Internal Duplicate Pages
If you are using modules that generate a printer friendly version of your pages, like the book module, or if you have your forum activated with sort capabilities, you will want to keep the search engine robots from indexing these to avoid duplicate content.
Most of these issues can be handled through your robots.txt file. Drupal 5 comes preinstalled with a default robots.txt file, which mostly takes care of keeping the spiders out of the appropriate directories. However, it needs some changes and additions.

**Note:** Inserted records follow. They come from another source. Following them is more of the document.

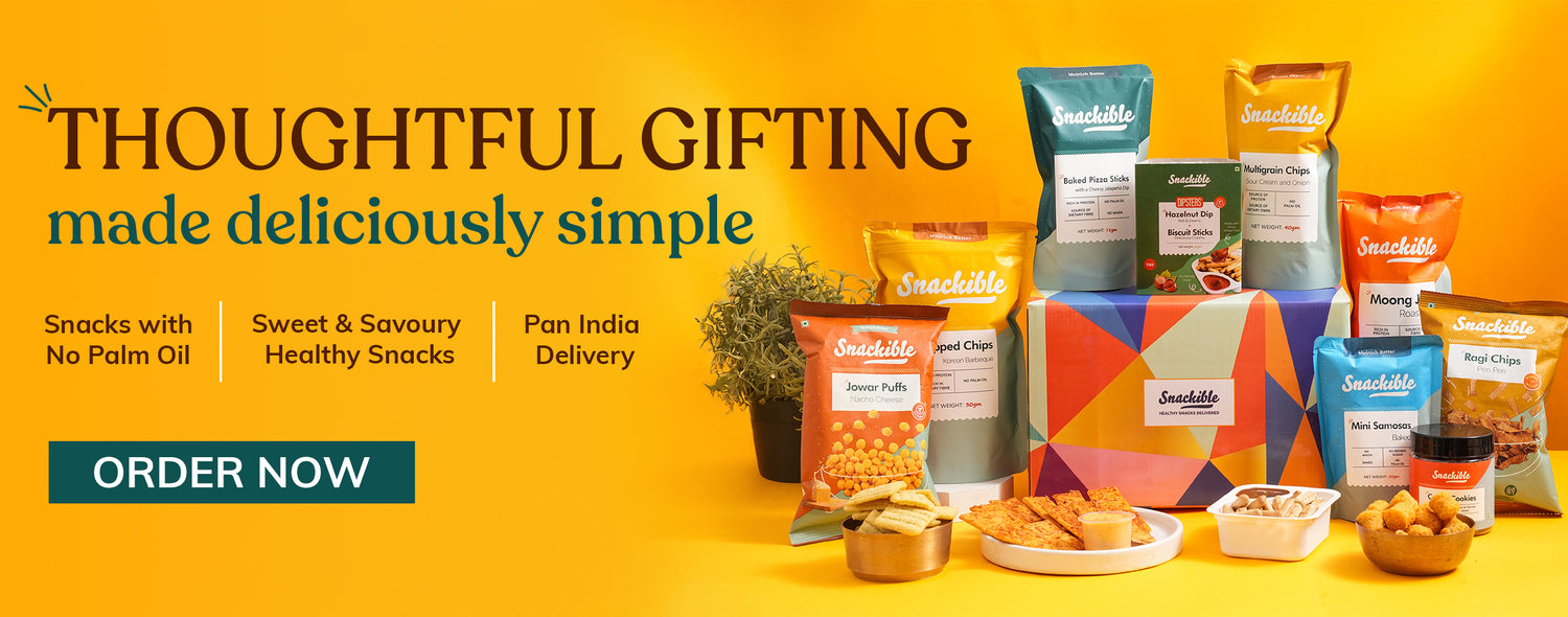 Gift your loved ones the goodness of health with Snackible’s specially curated & beautifully designed gift boxes. Our vibrant gift boxes illustrates the philosophy of diversity in our products & includes our best selling snacks!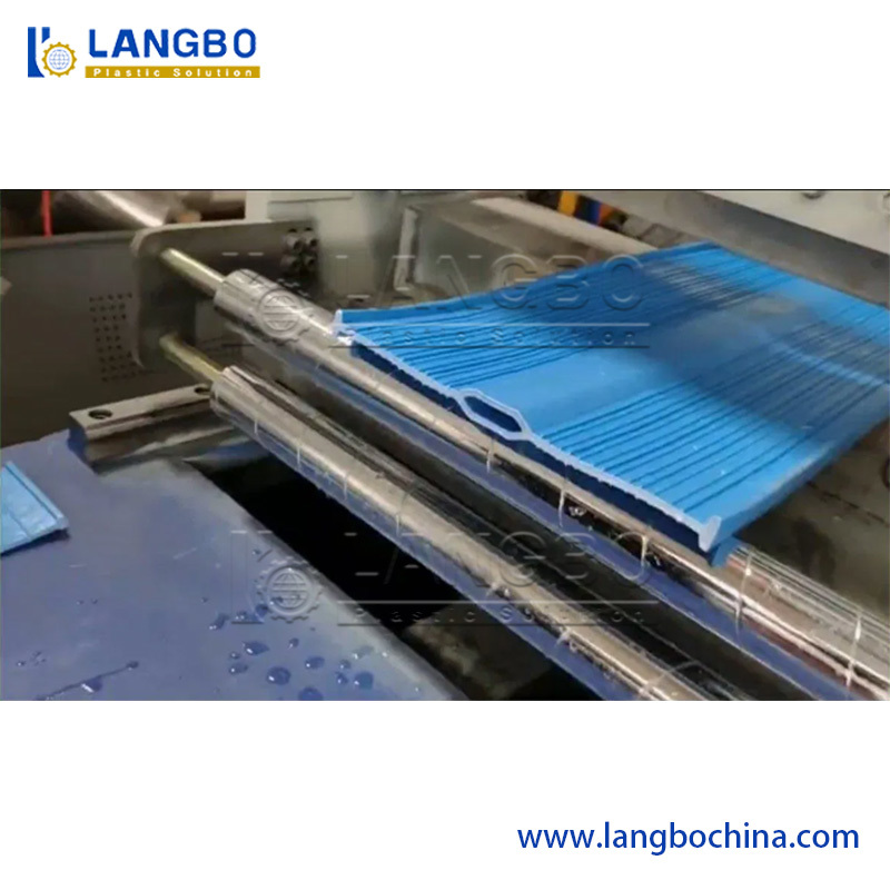 This PVC profile extrusion line adopts conical twin screw extruder, which is suitable for both PVC powder and PVC granules. It has degassing system to ensure the excellent material plasticization. The high speed mould is available, and it can largely increase the productivity.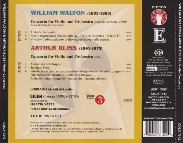 | Artiste | Sir William Walton | Arthur Bliss | Lorraine McAslan | BBC Concert Orchestra | Martin Yates |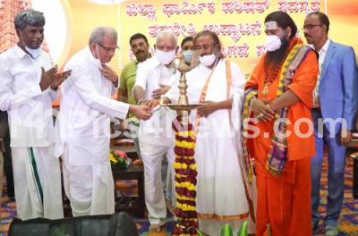 Chief Minister of Karnataka BS Yediyurappa with Spiritual Leader Ravi Shankar Guruji , Veerendra Hegde, Dharmadhikari Dharmasthala during inauguration of Religious Council members conference and Gudi paper release program at Vidhana Soudha, in Bengaluru on Thursday 7th January 2021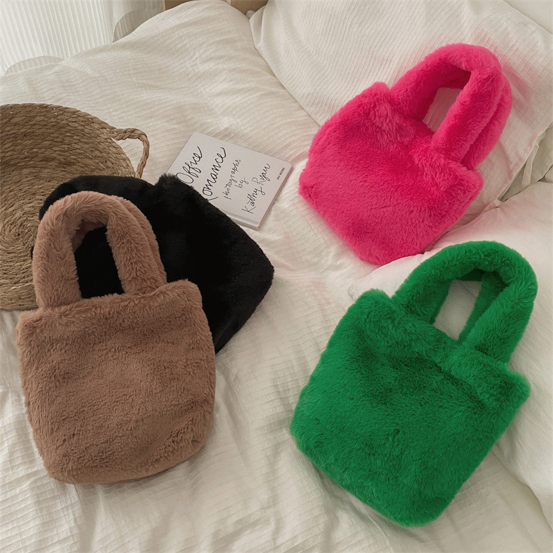 Ins韓系子供のぬいぐるみのハンドバッグ冬の親子の高級感はウサギの毛の純色の小さい大衆の小銭入れの潮に似せます。

If you use the Printer Friendly Pages module, you will want to add the following to your robots.txt file.
Disallow: /print/
The Book module has a built in printer friendly option.
Disallow: /book/
For the Forward to Friend module add:
Disallow: /forward/
If you are using the Forum or Views modules add:
Disallow: /*sort=
And for taxonomy vocabularies that allow multiple terms per node, you can choose to disallow which terms you want.
Disallow: /term/
Additionally, there are some potential problems with the default robots.txt file that need correcting.
Special thanks to Drupalzilla's article on Drupal's robots text file who pointed out many of the problems with the default file. Below you can download my variation of his improved robots.txt file. I've added a few extra files and directories to disallow.
NOTE: This should not be considered a security feature. If you find malicious bots ignoring your robots.txt file, you will need to block them directly from the .htaccess file.
| Attachment | Size |
|---|---|
| enhanced-robots-2.txt | 1.61 KB |



enhanced-robots-2.txt compatible with 6.x?
This is a great site for a drupal newb (me). Is the enhanced-robots-2.txt file compatible with Drupal 6? Thanks for the info here.